Pull out of the data below the stretch of lines bounded by the one containing "双方已携手落地广州农商行、浦" and the one containing "4.2 Acre Lower", both bounds included, unchanged.

§ DATA TO USE:
[Start of Attachment]

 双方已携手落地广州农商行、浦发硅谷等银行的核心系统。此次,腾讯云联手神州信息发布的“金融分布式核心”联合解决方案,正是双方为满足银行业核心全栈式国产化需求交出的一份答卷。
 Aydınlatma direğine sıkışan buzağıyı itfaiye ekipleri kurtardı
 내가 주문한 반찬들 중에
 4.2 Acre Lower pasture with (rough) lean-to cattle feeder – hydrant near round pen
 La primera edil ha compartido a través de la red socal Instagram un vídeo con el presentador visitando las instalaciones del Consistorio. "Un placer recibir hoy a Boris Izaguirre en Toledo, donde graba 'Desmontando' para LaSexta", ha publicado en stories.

[End of Attachment]
[Start of Attachment]

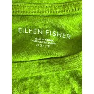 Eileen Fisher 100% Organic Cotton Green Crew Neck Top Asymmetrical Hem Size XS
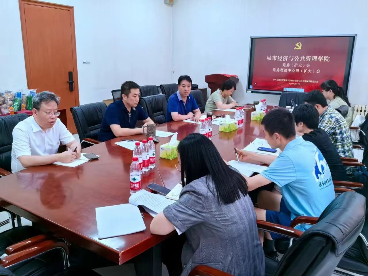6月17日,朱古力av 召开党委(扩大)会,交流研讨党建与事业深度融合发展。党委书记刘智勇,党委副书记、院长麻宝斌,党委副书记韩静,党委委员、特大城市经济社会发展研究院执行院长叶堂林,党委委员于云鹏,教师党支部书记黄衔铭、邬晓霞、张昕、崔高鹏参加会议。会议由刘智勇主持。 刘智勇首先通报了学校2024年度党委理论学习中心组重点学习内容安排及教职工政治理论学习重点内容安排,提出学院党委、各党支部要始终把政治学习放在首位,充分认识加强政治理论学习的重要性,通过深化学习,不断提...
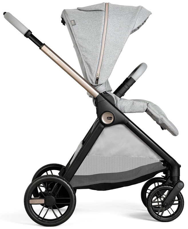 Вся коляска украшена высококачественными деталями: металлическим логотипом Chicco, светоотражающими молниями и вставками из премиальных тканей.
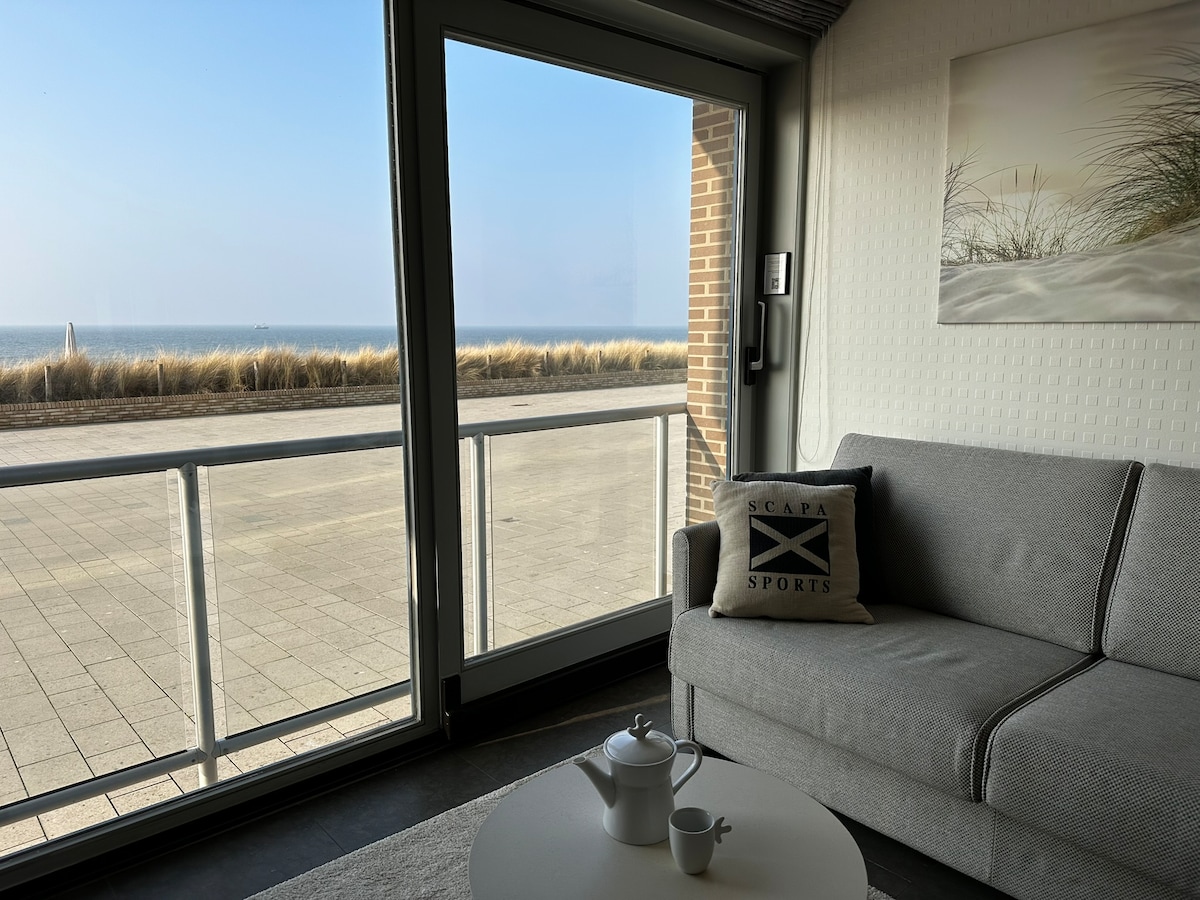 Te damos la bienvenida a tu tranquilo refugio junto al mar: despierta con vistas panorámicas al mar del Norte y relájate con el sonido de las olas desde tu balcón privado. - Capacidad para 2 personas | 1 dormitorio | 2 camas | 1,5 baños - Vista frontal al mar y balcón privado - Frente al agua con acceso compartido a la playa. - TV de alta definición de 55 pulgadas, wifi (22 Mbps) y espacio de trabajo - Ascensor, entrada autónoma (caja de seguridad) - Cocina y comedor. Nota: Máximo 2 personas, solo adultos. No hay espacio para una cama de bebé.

[End of Attachment]
[Start of Attachment]

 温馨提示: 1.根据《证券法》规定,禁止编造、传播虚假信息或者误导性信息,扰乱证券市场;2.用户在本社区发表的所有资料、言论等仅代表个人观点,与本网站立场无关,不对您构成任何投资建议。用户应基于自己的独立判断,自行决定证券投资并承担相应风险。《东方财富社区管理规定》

[End of Attachment]

§ ANSWER SECTION:
 双方已携手落地广州农商行、浦发硅谷等银行的核心系统。此次,腾讯云联手神州信息发布的“金融分布式核心”联合解决方案,正是双方为满足银行业核心全栈式国产化需求交出的一份答卷。
 Aydınlatma direğine sıkışan buzağıyı itfaiye ekipleri kurtardı
 내가 주문한 반찬들 중에
 4.2 Acre Lower pasture with (rough) lean-to cattle feeder – hydrant near round pen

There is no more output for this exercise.